The ISS was constructed and assembled module by module. The size of each module was limited by the place and way in which they were launched to space—for example, by the dimensions of the payload bay of the Space Shuttle, or the height of the railway overpasses between Moscow and the Russian launch site in Baikonur, Kazakhstan.

  • The ISS central modules are pressurized habitats where the crew lives and works, while the main transverse truss supports power, cooling, communications, external stowage, and scientific test equipment.
  • The ISS is electrically powered using solar arrays that rotate to track the sun throughout each orbit. Waste heat is gathered by cooling loops inside the ship and expelled out into space through large, flat radiators.
  • The station is primarily flown in an orientation known as LVLH, which stands for “local vertical, local horizontal,” such that the “bottom” of the ISS faces Earth and the “nose” is pointed into the velocity vector (the direction it’s moving).
  • There are multiple docking ports on the ISS to allow for different types of spacecraft to dock, including the Space Shuttle, the Russian Soyuz spacecraft, planned human-rated capsules, and various resupply craft.
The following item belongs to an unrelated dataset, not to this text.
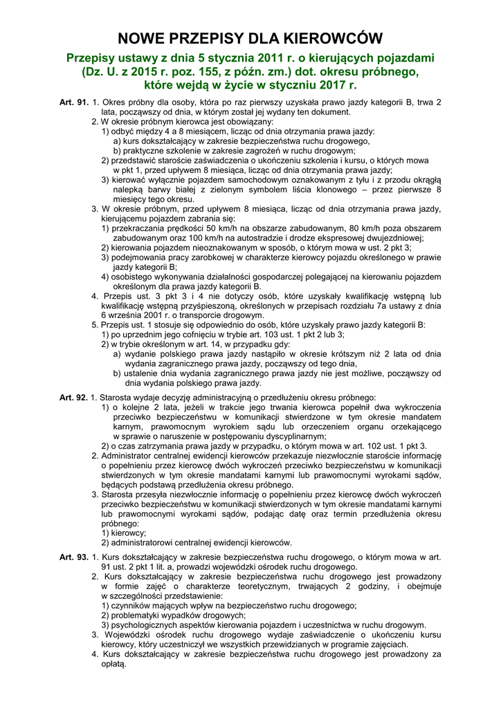 NOWE PRZEPISY DLA KIEROWCÓW Przepisy ustawy z dnia 5 stycznia 2011 r. o kierujących pojazdami (Dz. U. z 2015 r. poz. 155, z późn. zm.) dot. okresu próbnego, które wejdą w życie w styczniu 2017 r. Art. 91. 1. Okres próbny dla osoby, która po raz pierwszy uzyskała prawo jazdy kategorii B, trwa 2 lata, począwszy od dnia, w którym został jej wydany ten dokument. 2. W okresie próbnym kierowca jest obowiązany: 1) odbyć między 4 a 8 miesiącem, licząc od dnia otrzymania prawa jazdy: a) kurs dokształcający w zakresie bezpieczeństwa ruchu drogowego, b) praktyczne szkolenie w zakresie zagrożeń w ruchu drogowym; 2) przedstawić staroście zaświadczenia o ukończeniu szkolenia i kursu, o których mowa w pkt 1, przed upływem 8 miesiąca, licząc od dnia otrzymania prawa jazdy; 3) kierować wyłącznie pojazdem samochodowym oznakowanym z tyłu i z przodu okrągłą nalepką barwy białej z zielonym symbolem liścia klonowego – przez pierwsze 8 miesięcy tego okresu. 3. W okresie próbnym, przed upływem 8 miesiąca, licząc od dnia otrzymania prawa jazdy, kierującemu pojazdem zabrania się: 1) przekraczania prędkości 50 km/h na obszarze zabudowanym, 80 km/h poza obszarem zabudowanym oraz 100 km/h na autostradzie i drodze ekspresowej dwujezdniowej; 2) kierowania pojazdem nieoznakowanym w sposób, o którym mowa w ust. 2 pkt 3; 3) podejmowania pracy zarobkowej w charakterze kierowcy pojazdu określonego w prawie jazdy kategorii B; 4) osobistego wykonywania działalności gospodarczej polegającej na kierowaniu pojazdem określonym dla prawa jazdy kategorii B. 4. Przepis ust. 3 pkt 3 i 4 nie dotyczy osób, które uzyskały kwalifikację wstępną lub kwalifikację wstępną przyśpieszoną, określonych w przepisach rozdziału 7a ustawy z dnia 6 września 2001 r. o transporcie drogowym. 5. Przepis ust. 1 stosuje się odpowiednio do osób, które uzyskały prawo jazdy kategorii B: 1) po uprzednim jego cofnięciu w trybie art. 103 ust. 1 pkt 2 lub 3; 2) w trybie określonym w art. 14, w przypadku gdy: a) wydanie polskiego prawa jazdy nastąpiło w okresie krótszym niż 2 lata od dnia wydania zagranicznego prawa jazdy, począwszy od tego dnia, b) ustalenie dnia wydania zagranicznego prawa jazdy nie jest możliwe, począwszy od dnia wydania polskiego prawa jazdy. Art. 92. 1. Starosta wydaje decyzję administracyjną o przedłużeniu okresu próbnego: 1) o kolejne 2 lata, jeżeli w trakcie jego trwania kierowca popełnił dwa wykroczenia przeciwko bezpieczeństwu w komunikacji stwierdzone w tym okresie mandatem karnym, prawomocnym wyrokiem sądu lub orzeczeniem organu orzekającego w sprawie o naruszenie w postępowaniu dyscyplinarnym; 2) o czas zatrzymania prawa jazdy w przypadku, o którym mowa w art. 102 ust. 1 pkt 3. 2. Administrator centralnej ewidencji kierowców przekazuje niezwłocznie staroście informację o popełnieniu przez kierowcę dwóch wykroczeń przeciwko bezpieczeństwu w komunikacji stwierdzonych w tym okresie mandatami karnymi lub prawomocnymi wyrokami sądów, będących podstawą przedłużenia okresu próbnego. 3. Starosta przesyła niezwłocznie informację o popełnieniu przez kierowcę dwóch wykroczeń przeciwko bezpieczeństwu w komunikacji stwierdzonych w tym okresie mandatami karnymi lub prawomocnymi wyrokami sądów, podając datę oraz termin przedłużenia okresu próbnego: 1) kierowcy; 2) administratorowi centralnej ewidencji kierowców. Art. 93. 1. Kurs dokształcający w zakresie bezpieczeństwa ruchu drogowego, o którym mowa w art. 91 ust. 2 pkt 1 lit. a, prowadzi wojewódzki ośrodek ruchu drogowego. 2. Kurs dokształcający w zakresie bezpieczeństwa ruchu drogowego jest prowadzony w formie zajęć o charakterze teoretycznym, trwających 2 godziny, i obejmuje w szczególności przedstawienie: 1) czynników mających wpływ na bezpieczeństwo ruchu drogowego; 2) problematyki wypadków drogowych; 3) psychologicznych aspektów kierowania pojazdem i uczestnictwa w ruchu drogowym. 3. Wojewódzki ośrodek ruchu drogowego wydaje zaświadczenie o ukończeniu kursu kierowcy, który uczestniczył we wszystkich przewidzianych w programie zajęciach. 4. Kurs dokształcający w zakresie bezpieczeństwa ruchu drogowego jest prowadzony za opłatą. –2– Art. 94. 1. Praktyczne szkolenie w zakresie zagrożeń w ruchu drogowym, o którym mowa w art. 91 ust. 2 pkt 1 lit. b, prowadzi odpłatnie ośrodek doskonalenia techniki jazdy. 2. Praktyczne szkolenie w zakresie zagrożeń w ruchu drogowym jest przeprowadzane w formie ćwiczeń praktycznych, trwających 1 godzinę, i ma na celu: 1) uświadomienie niebezpieczeństw wynikających z nadmiernej i niedostosowanej do warunków ruchu prędkości; 2) kształtowanie postawy defensywnej u osoby szkolonej. 3. Ośrodek doskonalenia techniki jazdy wydaje zaświadczenie o ukończeniu szkolenia kierowcy, który uczestniczył we wszystkich przewidzianych w programie zajęciach.

The specific docking mechanisms vary from port to port.
  • The Canadian-built robotic manipulators Canadarm (Shuttle-based) and Canadarm2 (ISS-based) helped assemble, grow, and repair the ISS. The ISS also has a two-armed dexterous robot called Dextre for delicate work outside, and a Japanese-built robotic arm for deploying experiments externally.

How Can You View the ISS?

The ISS is visible every day to amateur astronomers from the earth’s surface with the naked human eye in the night sky; viewing ISS passes simply requires you to know when and where to look up, but does not require additional equipment such as a telescope. The space station appears like a bright star in motion, one of the brightest objects in the sky, roughly the luminosity of Venus and more visible than Jupiter.

From the earth’s surface, the ISS orbit appears to be a floating white dot that moves across the sky after sunset and just before sunrise—when the sun’s light is still on the station but not the earth below it. Weather permitting, it can be spotted from 95% of the earth’s surface—it is not visible from the northern or southern poles but can be seen from every other location.

Several websites and smartphone applications will provide users all the information they need should they choose to view the space station. Based on the user’s longitude and latitude, such tools can give users information regarding:

  • When the ISS will be visible in local time
  • Where it will appear to rise
  • The altitude above the horizon the station will reach
  • The duration of visibility before the station enters the Earth’s shadow

Additionally, starting in 2012, NASA began offering text and email alerts to subscribers who wanted to “spot the station” when it appeared over their hometown.